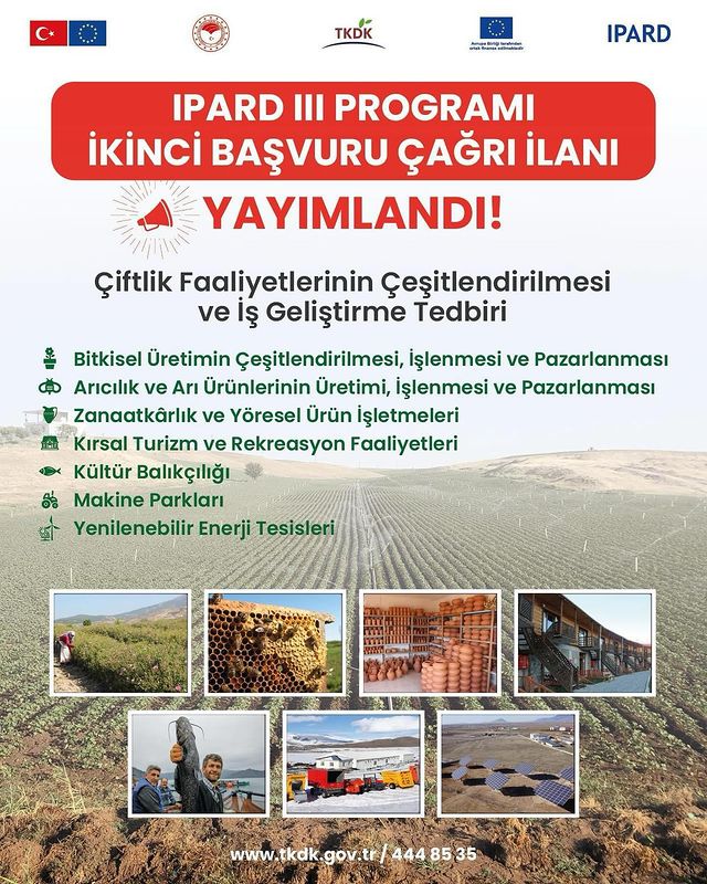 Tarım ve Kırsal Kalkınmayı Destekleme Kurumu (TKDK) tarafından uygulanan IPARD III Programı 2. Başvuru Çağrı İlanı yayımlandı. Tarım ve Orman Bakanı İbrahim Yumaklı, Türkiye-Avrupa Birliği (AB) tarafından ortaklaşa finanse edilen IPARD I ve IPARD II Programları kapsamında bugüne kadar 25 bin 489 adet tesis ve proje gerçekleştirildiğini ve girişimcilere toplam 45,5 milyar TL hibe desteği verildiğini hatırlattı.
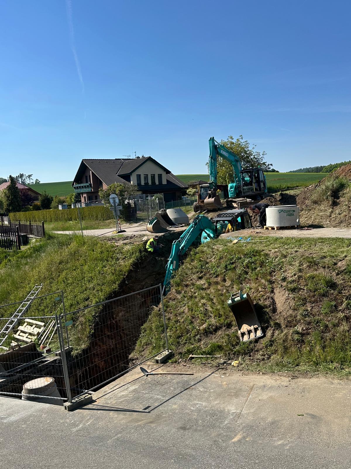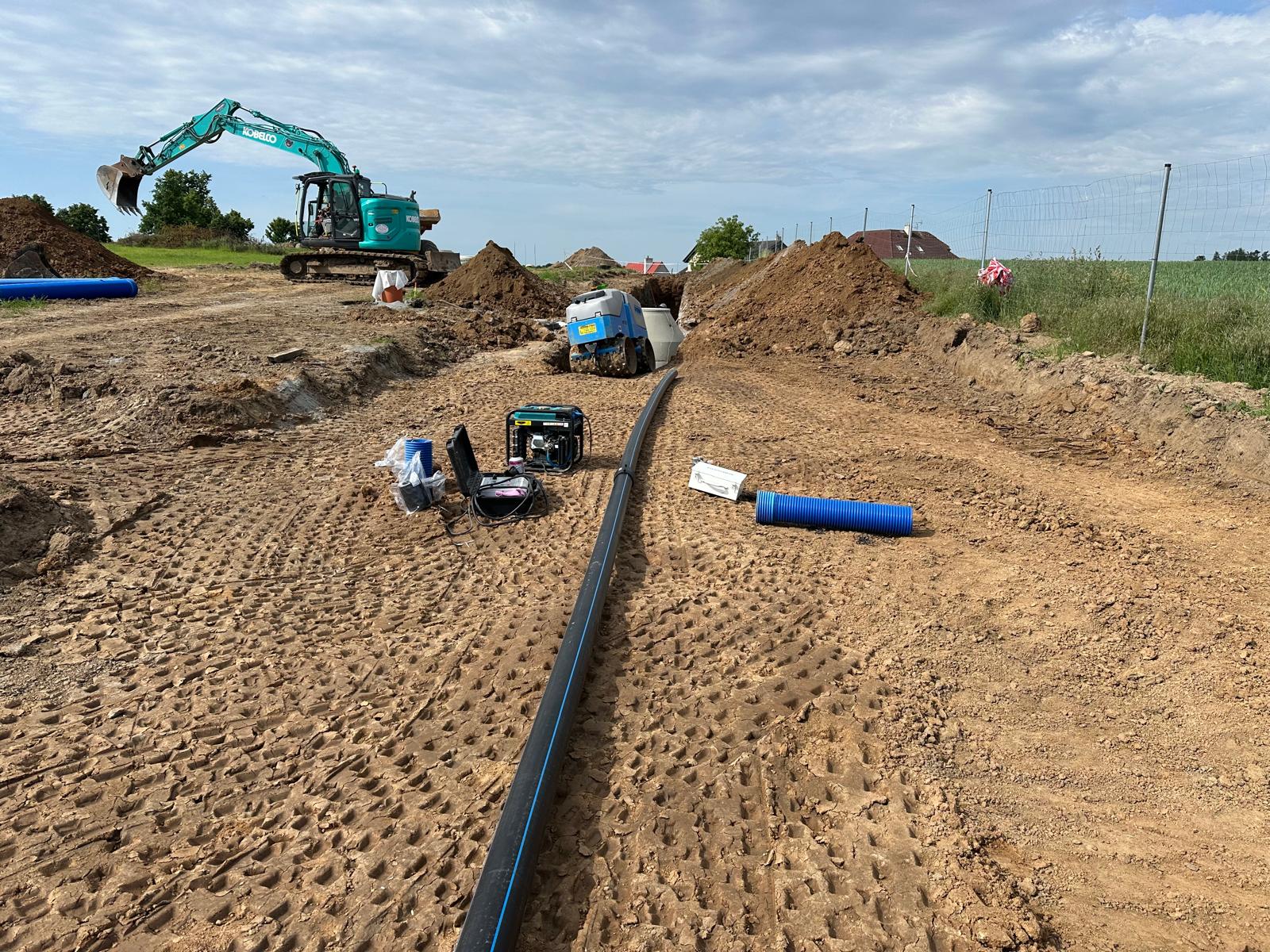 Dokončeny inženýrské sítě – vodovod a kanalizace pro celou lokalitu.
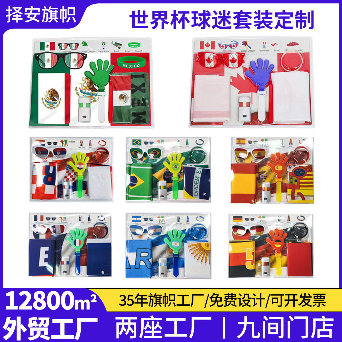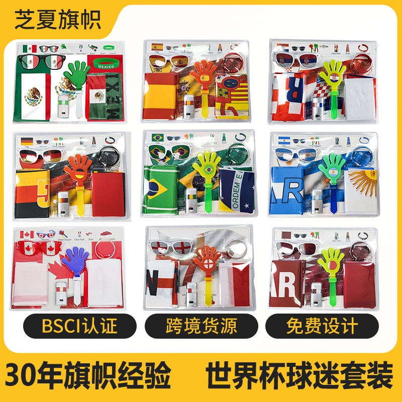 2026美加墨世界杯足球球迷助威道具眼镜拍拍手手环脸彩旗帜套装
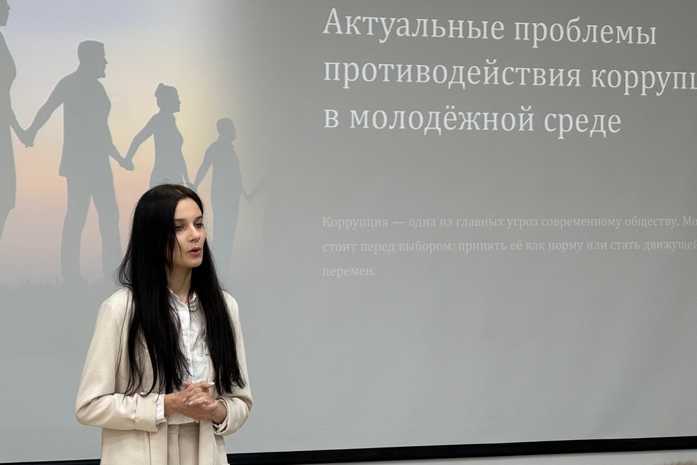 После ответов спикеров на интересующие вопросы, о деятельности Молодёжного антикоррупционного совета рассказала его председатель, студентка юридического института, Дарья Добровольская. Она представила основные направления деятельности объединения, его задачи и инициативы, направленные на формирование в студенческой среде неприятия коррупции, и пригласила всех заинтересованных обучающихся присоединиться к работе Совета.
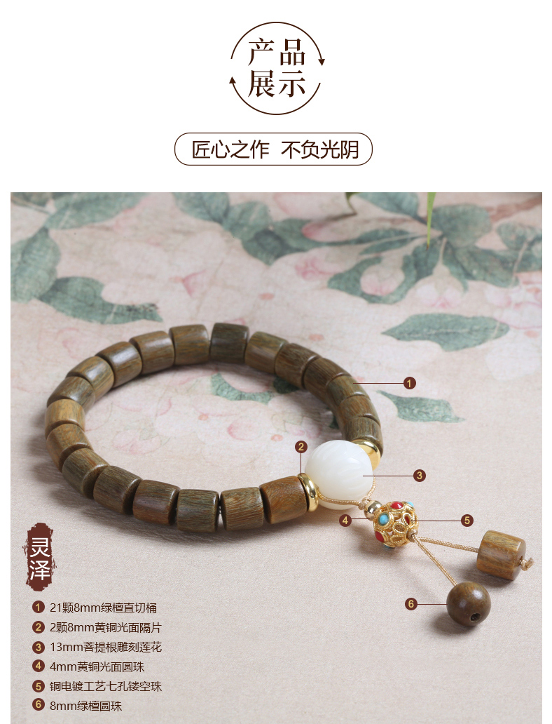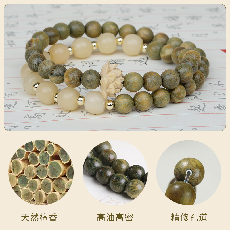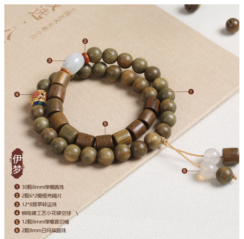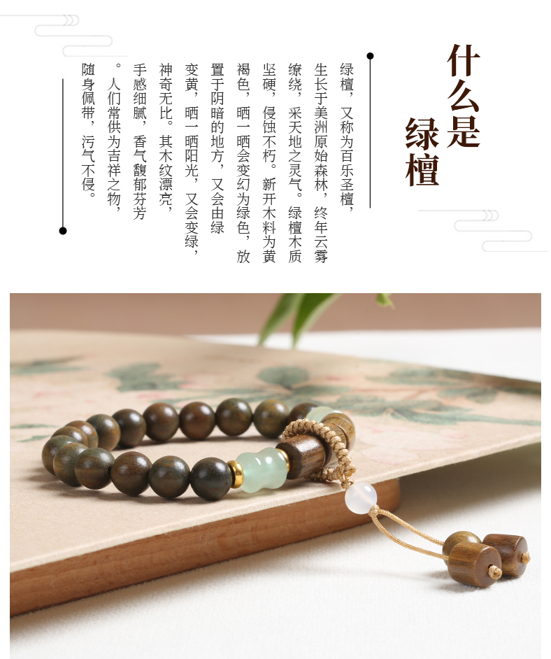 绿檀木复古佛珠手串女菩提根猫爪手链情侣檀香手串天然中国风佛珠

────────────────

**WHAT THE EXERCISE ASKS**
Retype the lines above exactly as they appear, from the line containing "Dokončeny inženýrské sítě" through the line containing "2026美加墨世界杯足球球迷助威道具眼镜拍拍手手环脸彩旗帜套装", and leave out any pictures.

**ANSWER AREA**
 Dokončeny inženýrské sítě – vodovod a kanalizace pro celou lokalitu.
 2026美加墨世界杯足球球迷助威道具眼镜拍拍手手环脸彩旗帜套装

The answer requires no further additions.